To fix this, kill the workflow job and resubmit it. The display issue should not reoccur after the first download.
To view the logs, run the following command and substitute the workflow name where indicated.
$argo logs <workflow-name>
Artifacts and Inference
After fine-tuning is complete, the tuned model is in the /finetunes/{{run_name}}/final
directory of the PVC. It can be downloaded directly, or if the inference service was deployed, query the new model from the inference service URL.

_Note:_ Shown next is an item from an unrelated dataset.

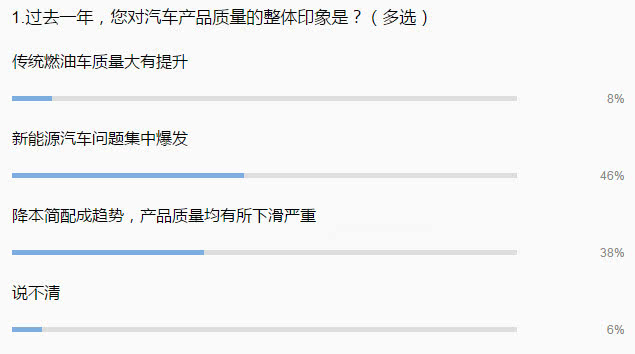 除了新能源汽車(chē)問(wèn)題的集中爆發(fā)外,新車(chē)產(chǎn)品質(zhì)量嚴(yán)重下滑成為參與者們的第二大選擇項(xiàng),該項(xiàng)參與人數(shù)占比達(dá)38%。正如J.D. Power(君迪)發(fā)布的2018中國(guó)新車(chē)質(zhì)量研究報(bào)告所述,在持續(xù)多年的提升之后,中國(guó)汽車(chē)行業(yè)整體新車(chē)質(zhì)量在2018年有所退步,不過(guò)該研究指出,退步的原因主要是導(dǎo)航不夠準(zhǔn)確、語(yǔ)音識(shí)別差等設(shè)計(jì)類(lèi)問(wèn)題的增加。

If KNative CLI is installed, discover the service URL with:
$kn service list
Otherwise, use kubectl
:
$kubectl get ksvcNAME URL LATEST AGE CONDITIONS READY REASONinference-western-predictor-default http://inference-western-predictor-default.tenant-example.knative.chi.coreweave.com inference-western-predictor-default-00007 2d21h 3 OK / 3 True
Then, with the URL available and jq
installed, use curl
to run a test query:
$curl -XPOST -H "Content-type: application/json" -d '{"prompt": "She danced with him in the honky-tonk"}' 'http://inference-western-predictor-default.tenant-example.knative.chi.coreweave.com/completion' |jq .

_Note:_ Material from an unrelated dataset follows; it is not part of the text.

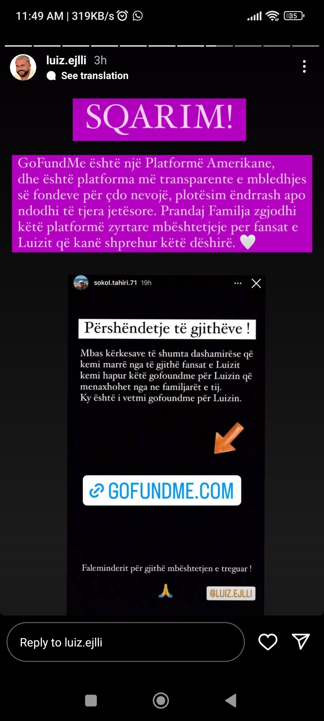 GoFundMe është një Platformë Amerikane, dhe është platforma më transparente e mbledhjes së fondeve për çdo nevojë, plotësim ëndrrash apo ndodhi të tjera jetësore. Prandaj Familja zgjodhi këtë platformë zyrtare mbështetjeje per fansat e Luizit që kanë shprehur këtë dëshirë.”

That should return a result similar to:
% Total % Received % Xferd Average Speed Time Time Time CurrentDload Upload Total Spent Left Speed100 935 100 828 100 107 147 19 0:00:05 0:00:05 --:--:-- 188{"generated_text": "She danced with him in the honky-tonk hall as if to say, \"You got me into this mess. Now I'll get you out of it. Let's split it and go our separate ways. Maybe I'll get lucky and make you my partner.\"\nHe grinned. \"You never know. Don't let anyone stop you. But if someone tries to arrest you, let them worry about that.\"\n\"I'll do that. Now, about that money?\"\n\"Money? What money?\"\n\"The loan they paid to your uncle to buy your brother out of that mine. I'm not sure why they did that.\"\nHe grinned. \"That's what I've been trying to figure out myself. They want more power over the land they're buying so they can put up cattle. But they're not taking long to figure out that I'm onto them, so keep this money safe until we figure out the best way to handle it. Don't try"}
Summary
These are the basic steps for downloading a base model, tokenizing a dataset, fine-tuning the model, and running test inferences against the new model. Even though this just begins to explore the capabilities of fine-tuning, it provides a solid starting point and a guide to inspire more production projects.